The calculator is inviting us to enter the coefficients in the first of the four equations. Using the number keys, arrow keys, and the [ENTER] key, we enter the coefficients as required, so that the screen looks like this:

As soon as we enter the last 0, the screen switches to a prompt for the coefficients in the second equation:

We enter the coefficients for the second equation as before, and then the third and fourth equations.
Here's what the screen looks like after we enter the coefficients for the second equation:

After we enter the coefficients for the fourth equation, we do not get a new prompt, because now the calculator knows all the coefficients. We type [F5] to select SOLVE. The screen tells us that

That is, the solution to our system of equations is

A = 2.5, B = -3.5, C = -2.5, D = 2.
If we want to do further work with these numbers, we need to tell the calculator to save them. We do this by typing [F4] to select STOx (that is, store the x values from the calculation). The calculator prompts us for a name, and we may as well select x (and then [ENTER]).
We type [EXIT] to return to the home screen. At this point, if we type [x-VAR] [ENTER], we get a listing of the results from our calculation above, in vector form.
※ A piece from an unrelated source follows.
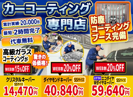 | 担当者のコメント | この度はダイヤモンドキーパー施工ありがとうございました。 ノーメンテナンスで3年、年に一回のメンテナンスで5年間愛車のボディーをしっかりお守り致します。 その他、いつでもお気軽にご相談下さい!! スタッフ一同またのご来店を心よりお待ちしております! |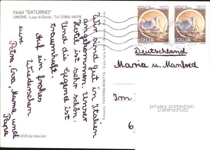 old postcard Limone sul Garda Hotel Saturno postalisch gelaufen Erhaltung siehe scans

If we want rational numbers, rather than fractions, we type [2nd] [MATH] [F5] [MORE] [F1] (that is, MATH, MISC, MORE, ->Frac ) and then [ENTER]. The screen now looks something like this:

giving us the solution to our original system in rational form.
On the TI-89, there are a few options. We'll use the simult function, which is under the MATH, MATRIX menu.
We type [2nd] [MATH] [4] [5] to get the command simult( to appear in the entry line at the bottom of the screen. We then use the number and punctuation keys as necessary to enter the matrix above. We actually enter two matrices: a four-by-four matrix of coefficients, and a one-by-four matrix of constants. Here is the syntax:

simult([1,0,1,0;^-1,1,^-2,1;1,0,1,^-2;^-1,1,0,1],[0;1;^-4;^-4])

Note that we use commas to separate entries within a matrix row and semicolons to separate the matrix rows themselves.
The calculator solves the system, and displays the system and the solution as follows:

Note that the calculator provides exact answers in rational form. If we want decimal approximations, we press the green diamond key followed by [ENTER], and the calculator provides a decimal approximation of the answer.